Сам факт, что мы себя так откровенно обманываем, доказывает, до какой степени мы не доверяем всему, что находится за окном. Знать не хотим про мир многообещающего риска, хотя это так близко! Ищем утешения, однако самообман и дискомфорт только усиливаются: «Хорошо мне тут с этим дурацким китайским мобильником?.. Нет, не очень. А если нет, то хотя бы недурно?.. Может, потерплю?» Надо научиться воспринимать мир не логикой, а инстинктивно. И вот почему. Когда времени в обрез или человек попадает в стрессовую ситуацию, он подчиняется подсознательным, инстинктивным и импульсивным реакциям. Ему некогда умничать. Как давно заметили психологи, часто люди делают важные открытия по поводу собственной жизни и главных в ней ценностей, именно отступив от привычной логики и особенно после травмирующих событий. Так они узнают, что для них истинно важно.

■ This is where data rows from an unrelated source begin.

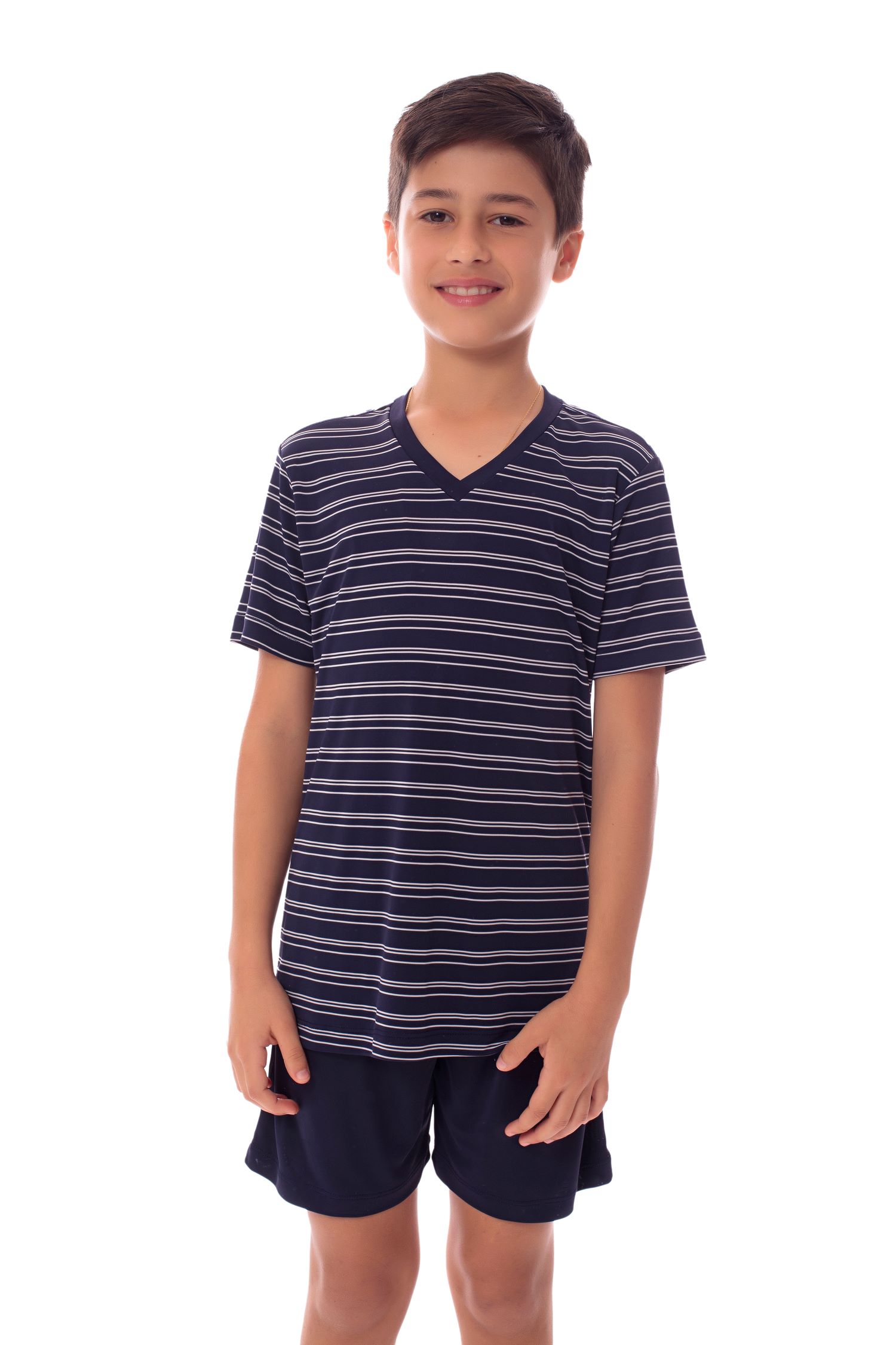Pijama Infantil Masculino Heitor Curto - Conjunto de pijama composto por camiseta de manga curta e bermuda, ideal para os dias mais quentes. A parte superior é confeccionada em Malha Plume listrada ? um tecido leve, ultramacio e com toque sedoso, que proporciona conforto térmico e excelente caimento. A camiseta apresenta modelagem confortável, com listras horizontais sutis que conferem um visual contemporâneo e delicado. A bermuda lisa, feita no mesmo material em cor coordenada, tem cós elástico embutido, garantindo ajuste prático e liberdade de movimentos. Um conjunto que une estilo, funcionalidade e bem-estar para o momento de descanso.
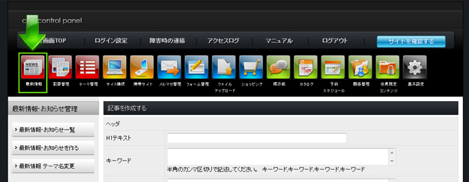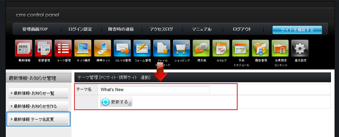 HOME» 最新情報を作る/編集する »最新情報のテーマ名を変更する
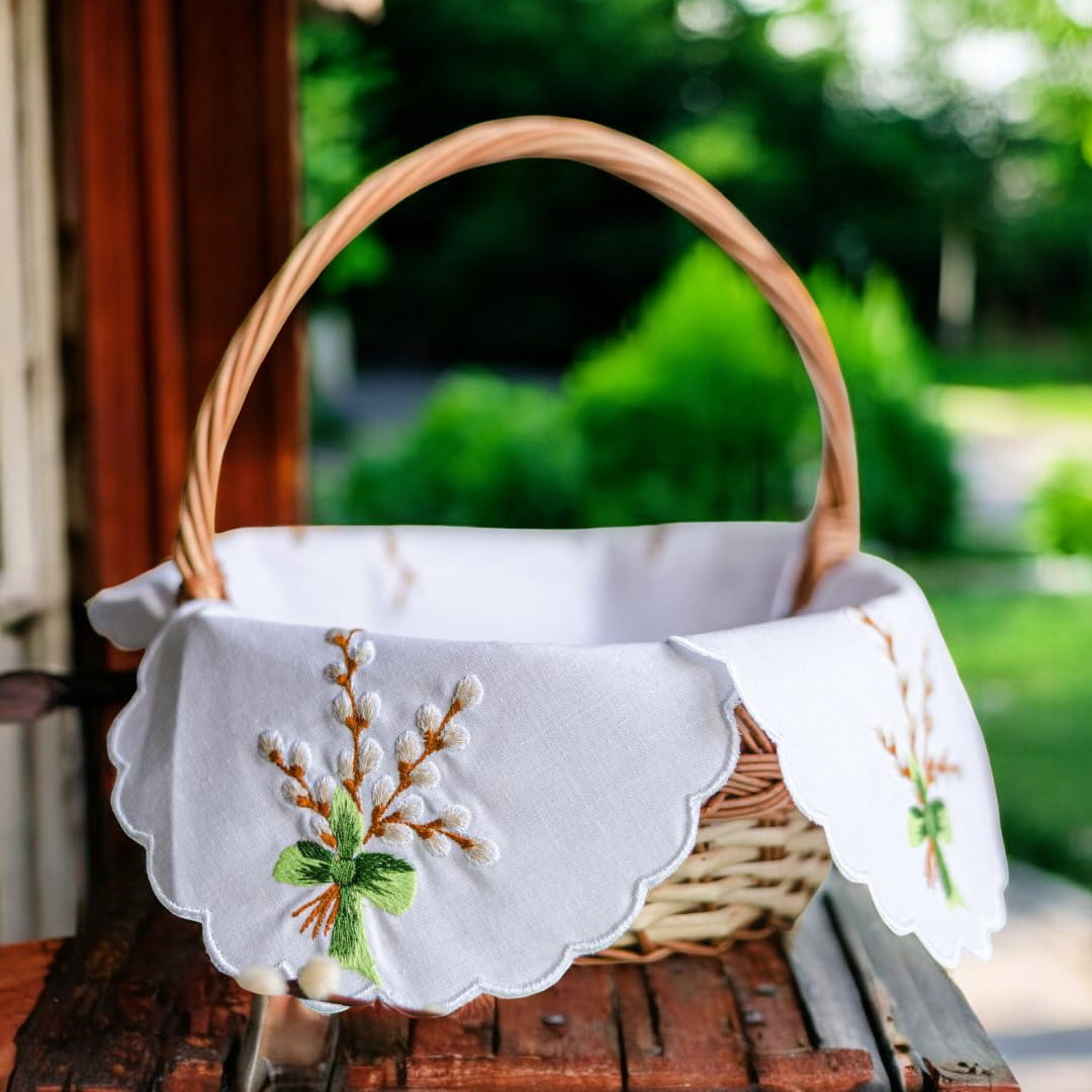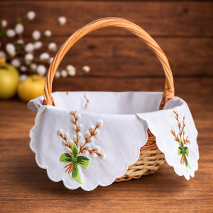 Wprowadź tradycję i wiosenny urok do swojego wielkanocnego koszyczka – wybierz haftowaną serwetkę z motywem bazi, która zachwyca jakością i duszą.

Все становится удивительно ясно, когда вступаем в сферу потенциального риска. Когда внешние силы заставляют нас определиться подобным образом, то после такого риска (или тем более трагедии) мы — казалось бы «жертвы» данной ситуации — к собственному изумлению, впервые получаем ощущение баланса. Такова и «постпонтовая» награда. Потенциальная. Если мы готовы к постоянным, плодотворным поражениям, приводящим нас к познанию «вечных ценностей».

Вот пример: во время страшного пожара женщина едва успевает спастись, прыгнув с четвертого этажа. Через несколько минут она дает интервью тележурналисту и — как ни странно — выражает свою признательность «судьбе». Сейчас (и только сейчас) она осознала, что для нее важно в жизни. Откуда у нее взялась такая отвага — или глупость! — броситься вниз с такой высоты, она сама не понимает. Внимание к своим эмоциям (т. е. доверие внутреннему компасу) может адаптивно — и, следовательно, успешно — направлять поведение человека, особенно в таких неоднозначных условиях.[192] Обратите внимание, как вы себя чувствуете, когда понтуетесь. Хорошо ли? Разумеется, нет. Пора понять, что нео-потемкинские поступки, типа приобретения того же китайского телефончика, ничего не скрывают, а наоборот. Они обнаруживают превосходство совсем другого мировоззрения. Страшного, но необходимого.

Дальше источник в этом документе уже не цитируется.